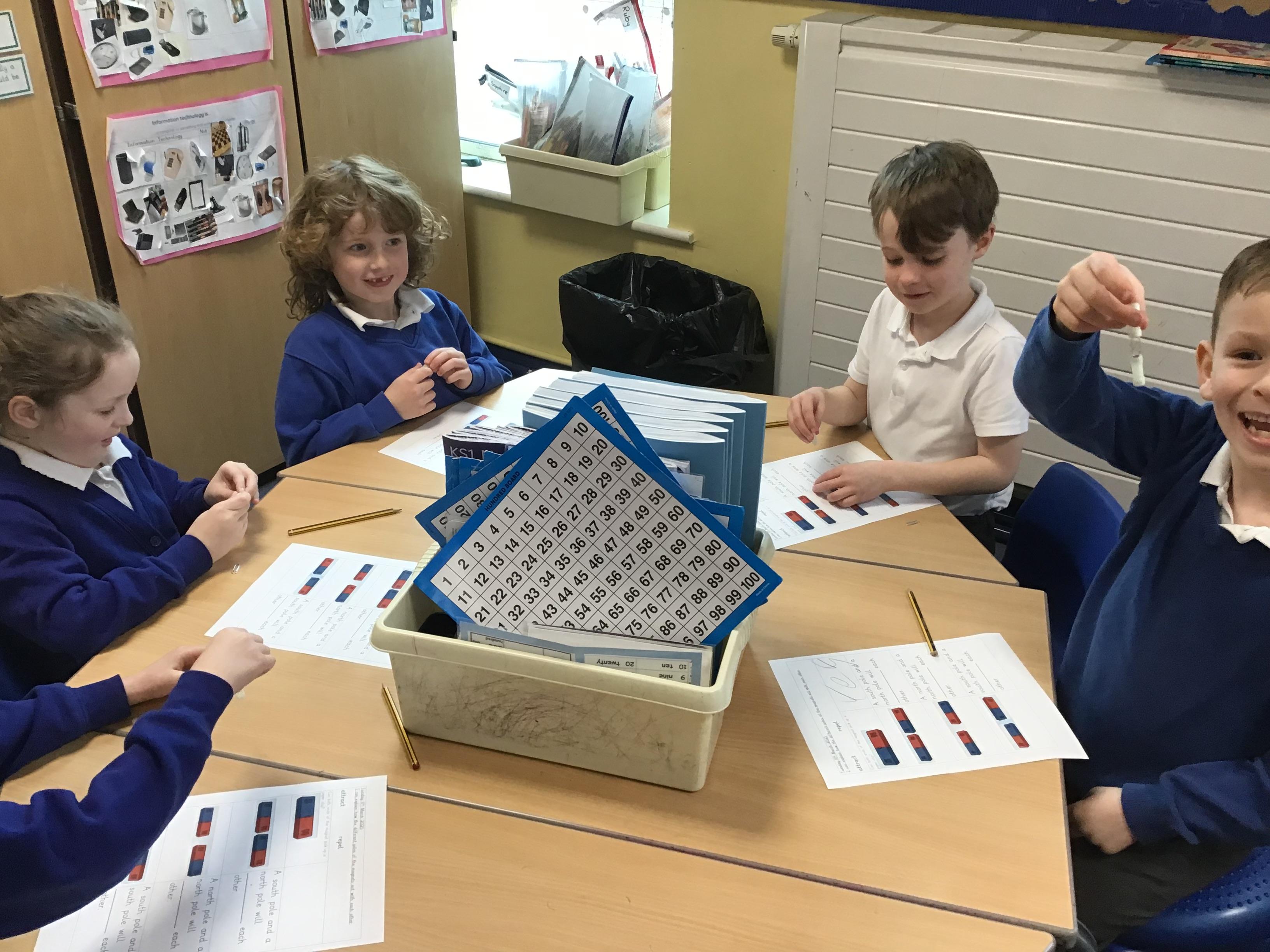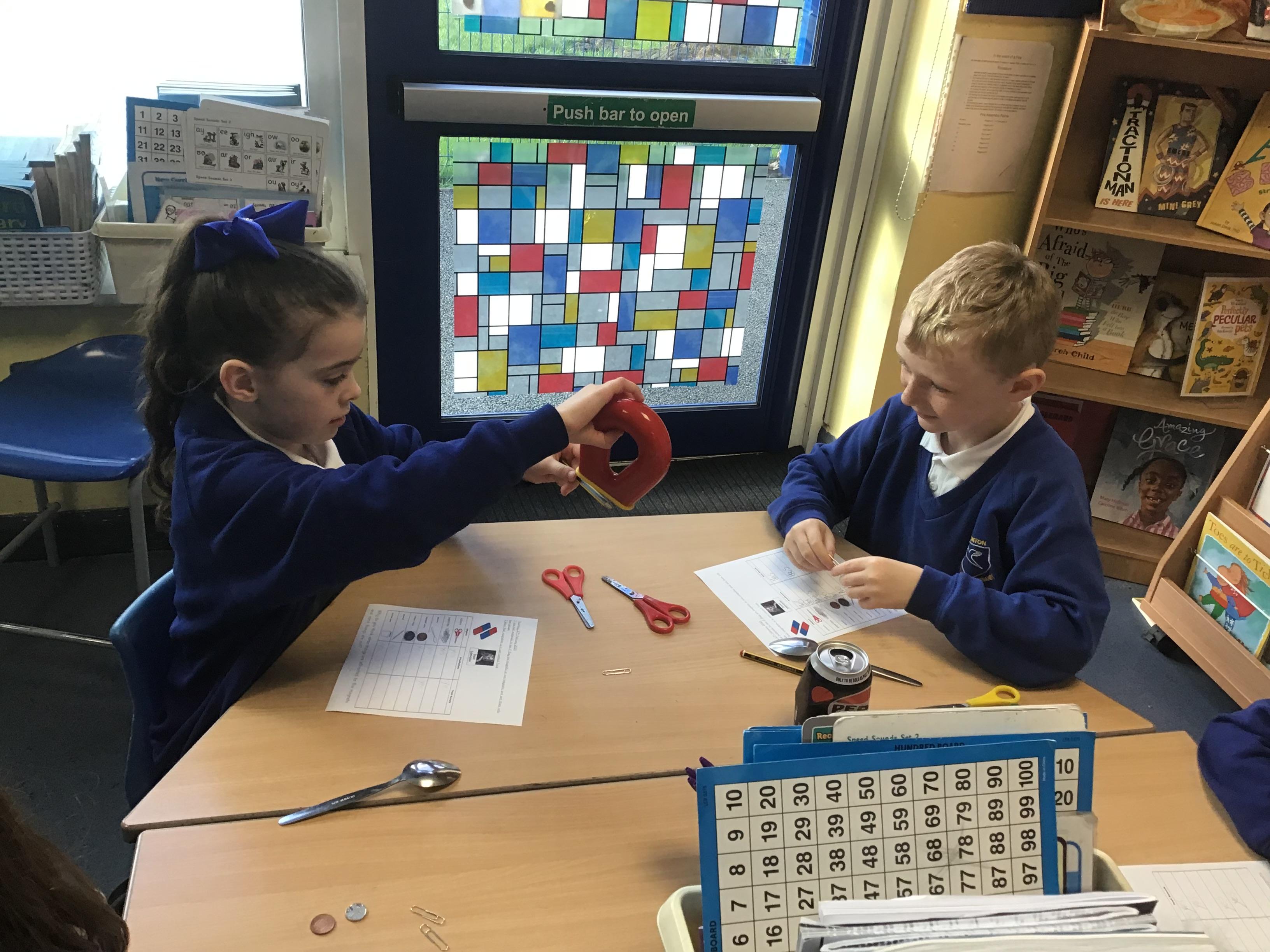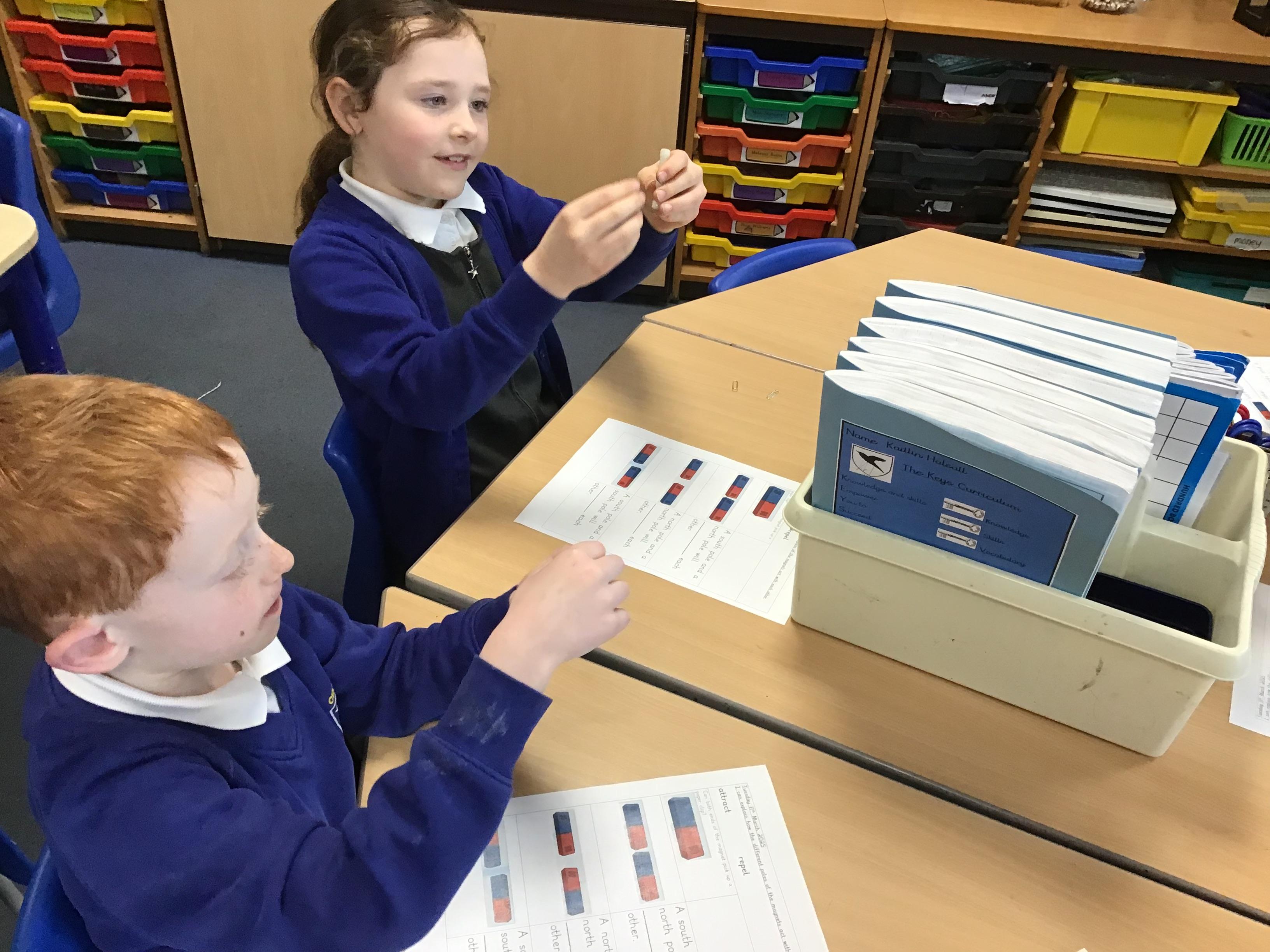 In our science we finished off our unit on forces by investigating the different poles on magnets and how they react to each other. We learned two new terms: repel and attract. What can your child tell you about what we found out?
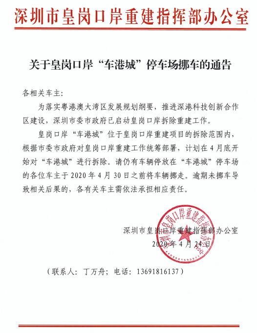 據(jù)了解,皇崗口岸“車港城”位于皇崗口岸重建項(xiàng)目的拆除范圍內(nèi),根據(jù)市委市政府對皇崗口岸重建工作統(tǒng)籌部署,計(jì)劃在4月底開始對“車港城”進(jìn)行拆除。請仍有車輛停放在“車港城”停車場的各位車主于2020年4月30日之前將車輛挪走,逾期未挪車導(dǎo)致相關(guān)后果的,各有關(guān)車主需依法承擔(dān)相應(yīng)責(zé)任。
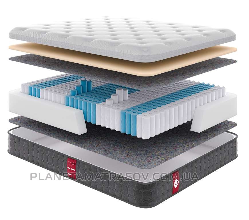 В ортопедическом матрасе Victory V 3 идеально сочетаются прочная основа, средняя жесткость и эффект памяти. Семь зон пружинного блока Pocket Spring Sky 7 равномерно принимают вес спящего, обеспечивая правильное положение тела. Блок пружин изолирован прослойкой термовойлока. А оптимальную среднюю жесткость формирует износостойкая пена Mono Foam. Эффект памяти, который так любит каждый сантиметр тела, создает пенный материал Visco Memory. Он точно, но деликатно повторяет ваши контуры, даря расслабляющий и восстанавливающий сон.
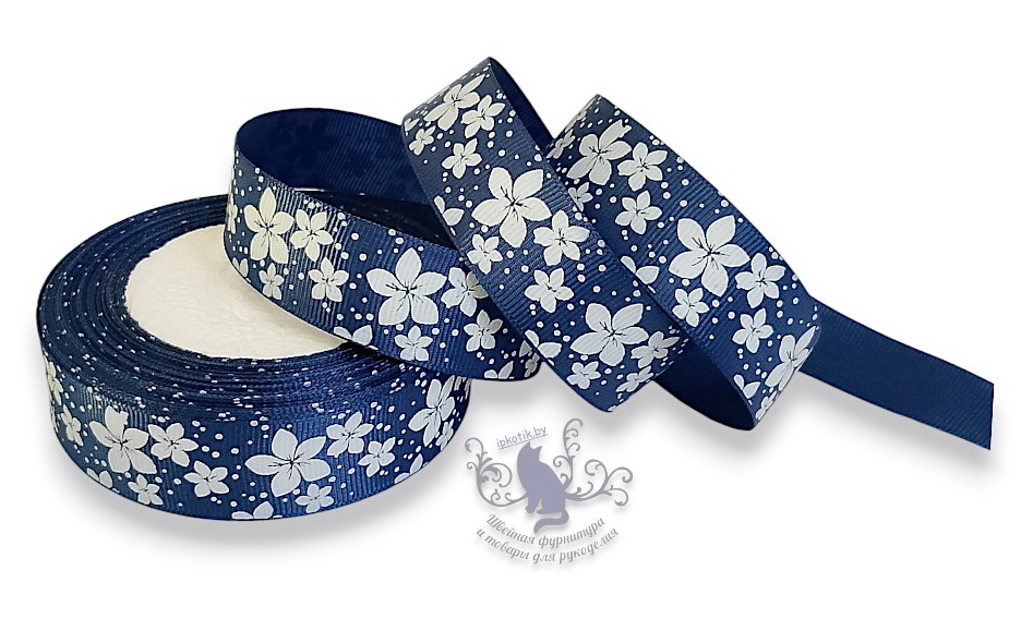 - 336 25мм Репсовая лента с рисунком 23м/боб (+-1м) Цветы Темно-синий/белый
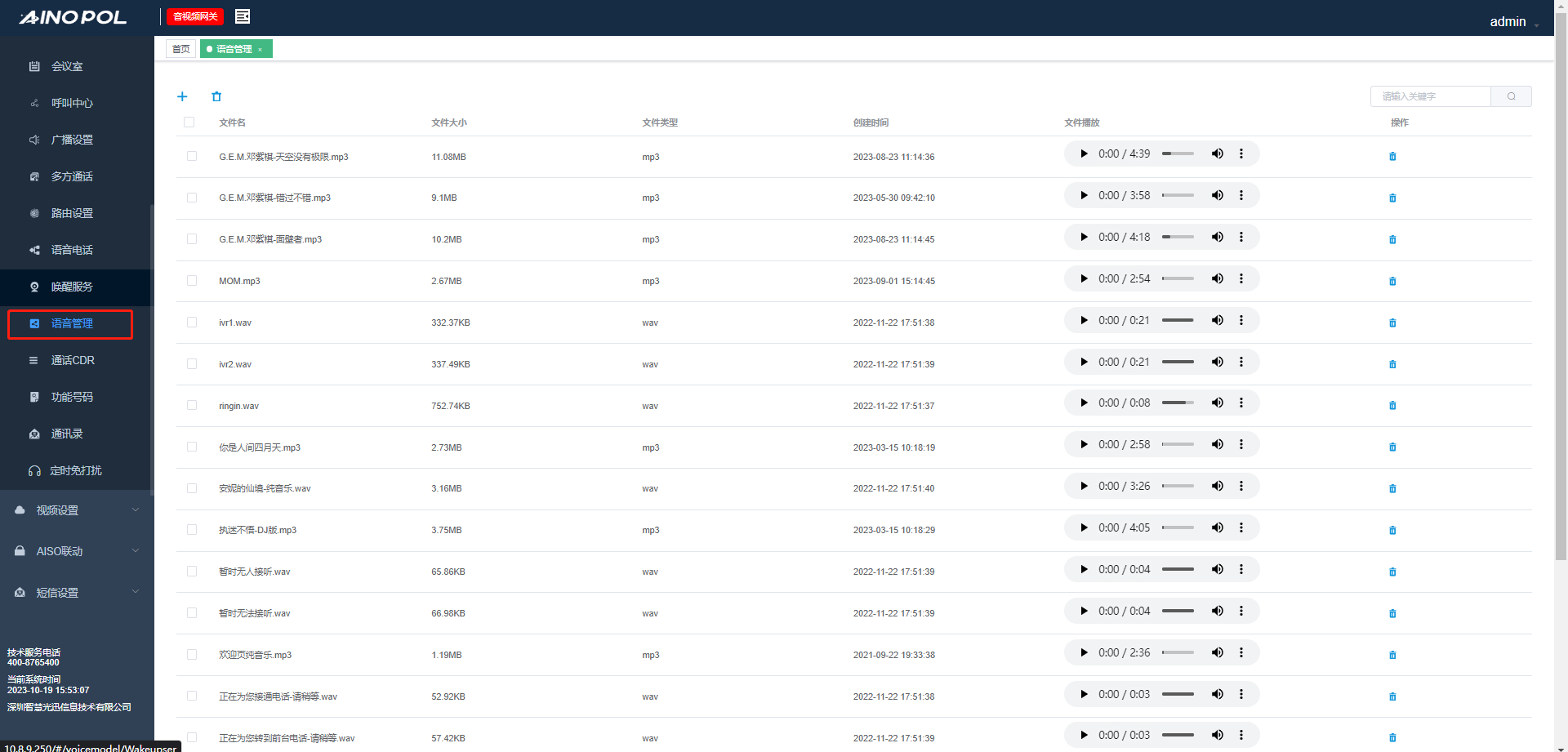 目录 搜索 光迅音视频网关简介如何登陆系统注:通过阿里云安装AVG系统话务台功能1.0 话务台使用向导1.1 主控台1.2 应急广播&夜服1.3 唤醒服务1.4 团队列表1.5 联系人1.6 分机管理1.7 唤醒记录1.8 通话CDR1.9 记事本1.10 黑名单常用功能介绍1、高级设置(强接、盲转、询问转、呼叫前转)2、广播IP喇叭背景音乐设置3、IVR导航设置(语音呼入导航)4、呼叫中心(短号直呼)群顺振一、系统设置1.1 网络设置1.1.1 聚合设置1.2 主机设置1.3 DHCP设置1.4 DNS服务1.5 系统工具1.5.1 简易抓包1.6 区域管理1.7 双机热备1.8 磁盘配置1.9 权限管理1.10 管理设置1.11 运行状态1.12 日志管理二、语音设置2.1 基础设置2.2 IVR导航2.3 外线设置2.4 外线组2.5 分机设置2.6 会议室2.8 呼叫中心( 短号直呼 )2.9 广播设置2.10 多方通话( IP分机具备免摘强制接听)2.11 路由设置2.12 唤醒服务2.13 语音服务2.14 通话CDR2.15 高级设置2.16 通讯录三、视频设置3.1 录制回看(维)3.2 国标设备3.2 推流列表(被动)3.3 拉流列表(主动)3.4 国际级联3.5 直播广场3.6 GB28181四、AISO 联动4.1 预案设置(号码触发)4.2 排队通知(定时播放音频)4.3 短信设置4.4 外部链接五、短信设置(维护)5.1 短信网关5.2 短信模板5.3 发送记录六、安全设置6.1 语音ACL6.2 安全策略6.3 IP黑白名单6.4 主叫黑名单(热门)七、指挥调度(热门)7.0 指挥调度开局说明( 推荐 )7.1 用户管理7.2 角色授权7.3 区域管理7.4 单元管理7.5 单元分类7.6 会议管理7.7 全局设置(地图)八、IOT管理(物联网设备)九、无线AC9.1 AP+管理9.2 网络模板9.3 定时重启9.4 AP+升级十、系统信息-系统升级 暂无相关搜索结果! 本文档由 智慧光迅 发布 1.6 分机管理 描述:用于管理内部分机信息、状态等注:添加分机需要到系统后台,这里只能编辑分机示例:编辑分机的信息,选中需要修改的分机,点击左上角的编辑按钮(这里是批量编辑)例:对6666,8888这两个分机号,修改呼叫权限,彩铃等信息修改后点击提交即可注:彩铃音频 需要在系统后台的 语音管理 操作注2:录音录像:对应两种格式:录音的格式为MP3,录像格式则是MP4填写完后 点击提交,列表会显示最新同步修改的信息描述:用于管理内部分机信息、状态等注:添加分机需要到系统后台,这里只能编辑分机示例:编辑分机的信息,选中需要修改的分机,点击左上角的编辑按钮(这里是批量编辑)例:对6666,8888这两个分机号,修改呼叫权限,彩铃等信息修改后点击提交即可注:彩铃音频 需要在系统后台的 语音管理 操作注2:录音录像:对应两种格式:录音的格式为MP3,录像格式则是MP4填写完后 点击提交,列表会显示最新同步修改的信息文档更新时间: 2023-10-25 13:54 作者:admin
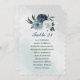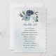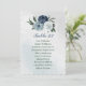 Beautiful botanical seating chart card featuring romantic white, dusty blue and navy blue flowers with green leaves.
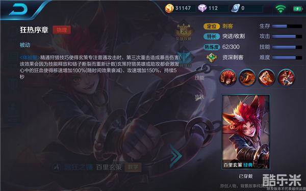 被动技能——狂热序章:精通狩猎技巧使得玄策专注普通攻击时,第三击重击造成暴击伤害,(该效果会因为技能释放和链子断裂而重新计数)玄策狩猎英雄或助攻都会激发心中的狂血使得移速和攻速大幅度提升(随时间效果衰减)。
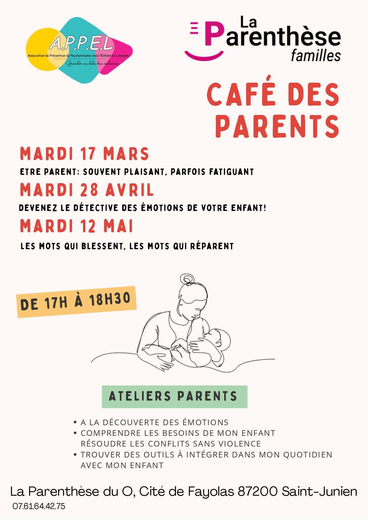 Être parent est une mission passionnante, mais aussi parfois épuisante. Pour vous accompagner dans ce quotidien intense, La Parenthèse familles et l'association A.P.P.E.L vous invitent à un cycle de rencontres dédié au soutien à la parentalité à Saint-Junien.
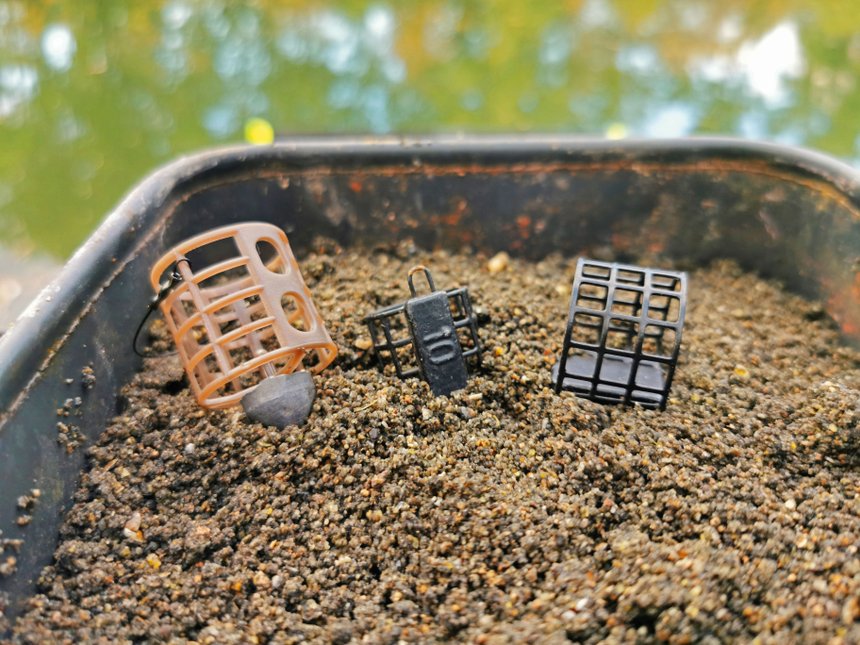Il est compliqué, voire souvent impossible, d’utiliser un long bas de ligne lorsque l’on vise les frondaisons d’un bel arbre ou un banc de nénuphars. Une petite astuce permet malgré tout de tenter le coup. On utilise pour ça un feeder dit open ended (ouvert sur l’arrière). On peut y coincer le bas de ligne, enserré dans l’amorce et envoyer ainsi un montage de gabarit réduit qui se déploiera sur le fond avec le délitement des farines.
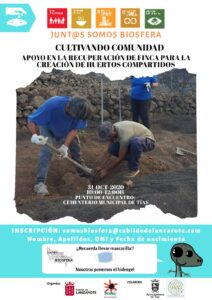 El Cabildo de Lanzarote, a través del Área de la Reserva de la Biosfera y en colaboración con Ayuntamiento de Tías, ha organizado la acción de voluntariado “Cultivando Comunidad” sumándose así a Huertos Compartidos de Lanzarote como una acción de apoyo para la adecuación del primer terreno en el que se proponen estos cultivos.
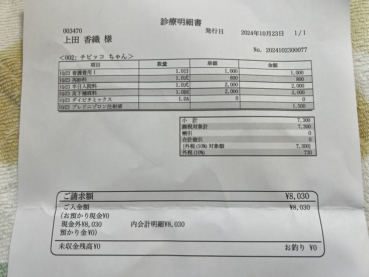 体重→10/22 4.70kg 10/23 4.90kg (恐らく点滴で少し増量したと思われます)
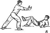Б — переносит вес на левую ногу и, выполняя движение «падение на спину», уходит от толчка А (рис. 8 г, д).

Exercise description> Give again, word for word, the lines from the one containing "El Cabildo de" through the last line of the entries, with pictures omitted and nothing added.

Solution to the problem>
 El Cabildo de Lanzarote, a través del Área de la Reserva de la Biosfera y en colaboración con Ayuntamiento de Tías, ha organizado la acción de voluntariado “Cultivando Comunidad” sumándose así a Huertos Compartidos de Lanzarote como una acción de apoyo para la adecuación del primer terreno en el que se proponen estos cultivos.
 体重→10/22 4.70kg 10/23 4.90kg (恐らく点滴で少し増量したと思われます)
Б — переносит вес на левую ногу и, выполняя движение «падение на спину», уходит от толчка А (рис. 8 г, д).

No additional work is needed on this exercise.